Do you think here I am missing any stats ?? I checked all the stats are up to date.

Do I need to change the query ? or without changing the query we can tune this query. ?

Previously this query was running fine. Plz help me to tune this query.

Regards,

Senior Apprentice

Re: What is mean by STAT FUNCTION in Teradata

What do you mean by "Previously this query was running fine"?

Exactly the same query, similar data?

Can you check if DBQL step/explain information is available for the previous run?
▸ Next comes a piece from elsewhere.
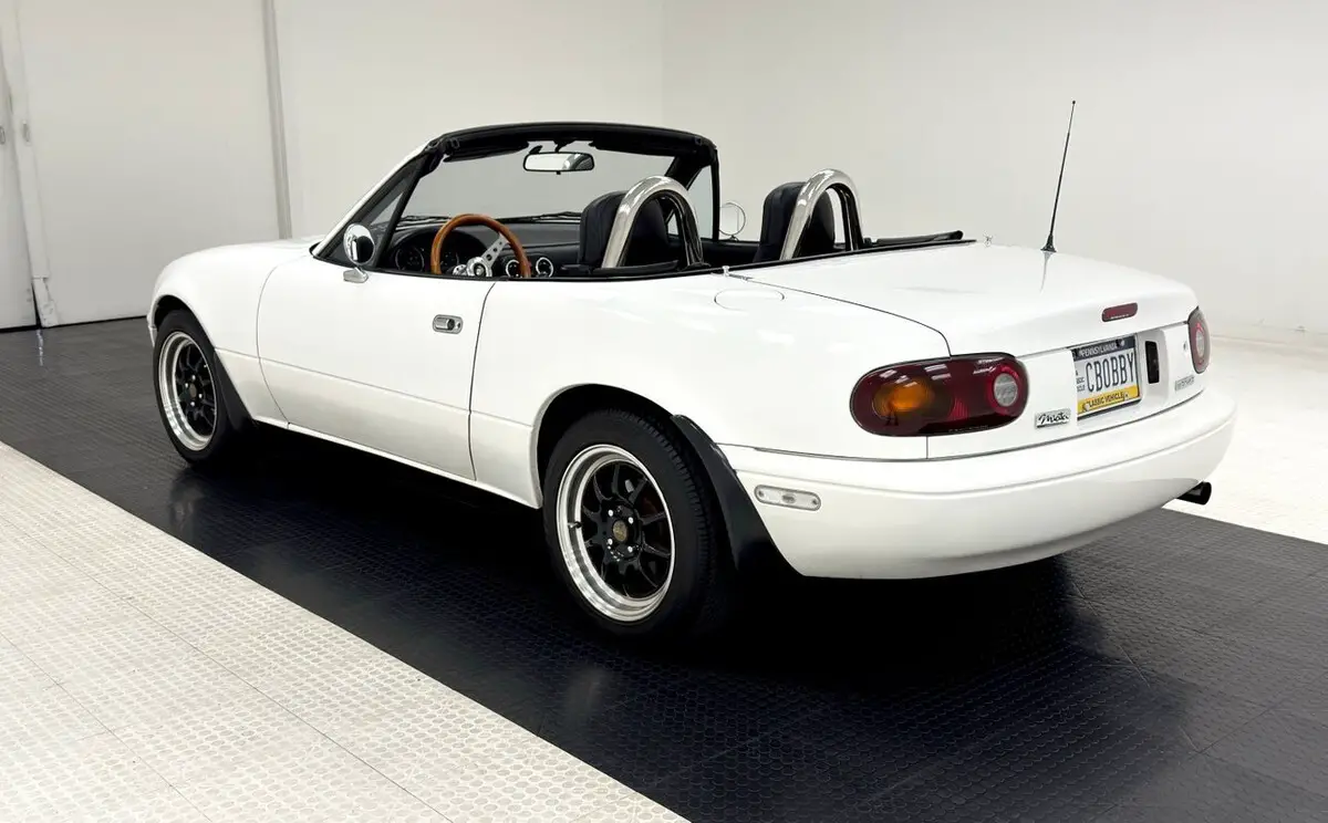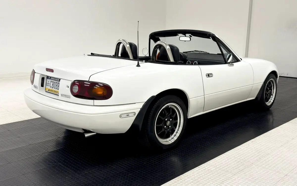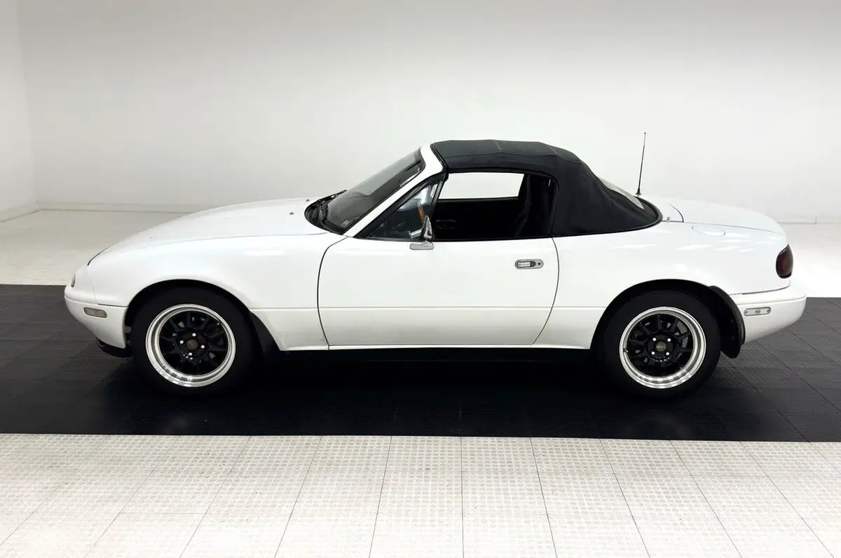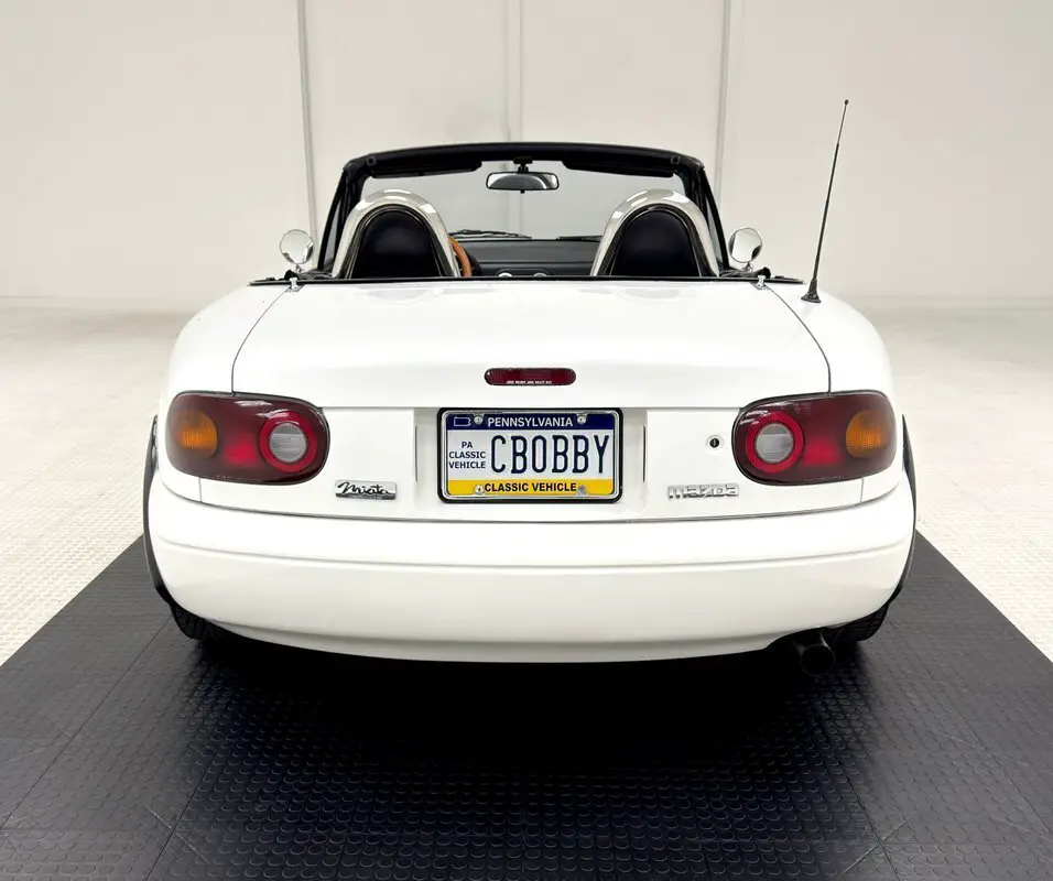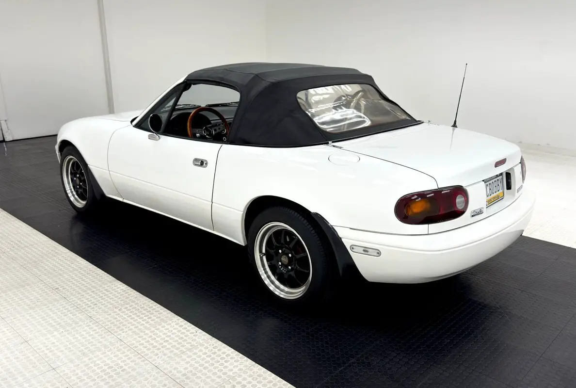 1992 Mazda Miata MX-5 For consignment, a 1992 2 owner Mazda Miata with a title verified 29,957 actual miles. Continually regarded as one of the finest automotive endeavors in history, not only are first gen Miatas classic, but well maintained versions like this one are desirable and the perfect gateway drug into the collector and sports car market. This one has some tasteful cosmetic mods that help it stand out from the crowd. Exterior Here the Crystal White two stage paint is enhanced with clear lens marker lights and polished metal retro side mirrors, giving the car a more monochromatic profile. There's a consistent use of pill shaped ovals on the car, a conscious design decision, and includes the tail lights which fit flush on the rear corners, the marker lights, the door handles, and the gaping air intake under the nose of the car. 15-inch aftermarket wheels create a sharp contrast in black, rimmed in silver, and wrapped in 55 series tires. The black canvas top shows a touch of wear and some cloudiness to the plastic window, along with some tape over a crack. Fitted mud flaps keep dirt off the clean body on which we could not find any glaring imperfections. There are a few incidences of curb rash on the wheels. Interior Black door panels and the recurrence of oval door handles make up the inner doors with crank windows giving you two less electric motors to worry about! Tall cloth bucket seats now rise to meet the chrome roll bars behind them while in front a perhaps a bit more British influence with an added wood rimmed Momo sport steering wheel that frames the standard black instrument cluster topped by a shift light. Chrome rings around the vents also harken to Austin Healey like accoutrements and chrome levers have been added to the A/C panel that is mounted over the AM/FM/Cassette radio and cubby hole storage. In the center console, a wood handled shifter in a stitched black boot and a Nismo shift diagram for even more cross pollination of makes and models. The black loop carpet on the floor is in good shape, and the driver's mat has taken most of the abuse and shows it. The trunk is clean and lined and holds a fire extinguisher and spare tire. Drivetrain Under the hood, a clean, driver quality 1.6 liter DOHC inline four cylinder pumping out 116 horsepower and motivated forward by a 5-speed manual. In true sports car style, power is sent to the rear axle where 4.30 gears are found. Power disc brakes are employed at each corner. An aftermarket shock tower brace has been added for extra stability. Undercarriage Driver quality underneath with typical surface rust but no oil anywhere, clear knuckles, and all the boots look intact. The single exhaust flows back to encounter a stock style muffler before exiting with a chrome tip at the right rear. Coil spring suspension is found front and rear and both ends are independent. Drive-Ability Comfortable seats and a cabin that you become a part of makes for an easy drive around the test loop where the car shifts cleanly, scoots into acceleration, and handles like the proverbial go kart it is! Only the radio and reverse lights don't work on our car, and the airbag light is on because of the steering wheel switch, but all other functions on board operate as they should. While Classic Auto Mall represents that these functions were working at the time of our test drive, we cannot guarantee these functions will be working at the time of your purchase. Its small size, nimbleness and surprisingly quick drivetrain is what made the first gen Miatas such a success, and they only got better from there! Just as there's nothing quite like a vintage British sports car, early Miatas represent Japan's golden egg. Like Easter eggs, future Miatas would be gussied up with bells and whistles, but these early iterations will always be the classic examples. Daily this low mileage example, or save it for places where car lovers gather. Everyone has a soft spot for Miatas, no matter what they drive! JM1NA3511N0329853 J-Japan M-Mazda 1-Passenger Car NA-M1 35-Convertible 1-1.6L B6P 1-Check Digit N-1992 0-Hiroshima, Japan Assy Plant 329853-Sequential Unit Number Classic Auto Mall is home to more than 1,000 classic and collectible vehicles for sale via consignment in a climate controlled 336,000-square foot showroom (that's more than 8 acres!). The largest single location consignment dealer of classic and collectible vehicles in the country is located in Morgantown, Pennsylvania, just 1-hour west of Philadelphia off Exit 298 of the I-76 Pennsylvania Turnpike. For more information visit or call us at 610-901-3804. Contact us anytime for more information or to come see the vehicle in person. There is no guarantee of mileage. A $299 Dealer Administrative fee is not included in the advertised price. With so many great cars, you know we have a lot to talk about, and we do that each week on the Classic Auto Mall Podcast with host Stewart Howden. Stewart discusses new inventory as well as trends in consignments and car prices, while interviewing celebrities and automotive professionals about amazing cars and their history. Tune in each week to the Classic Auto Mall Podcast wherever you enjoy listening. You can also watch on YouTube!

Is the estimated number of rows close to the actual number?

Enthusiast

Re: What is mean by STAT FUNCTION in Teradata

As per our developer team, this query is not new in the system. They are using this query from long back.

TD release is 13.10 and total size of system is 36 TB. Out of 36TB, 11 TB is in used.

Senior Apprentice

Re: What is mean by STAT FUNCTION in Teradata

Ask the developer team if they got DBQL information or an old Explain for this query, then you can spot differences and start investigating.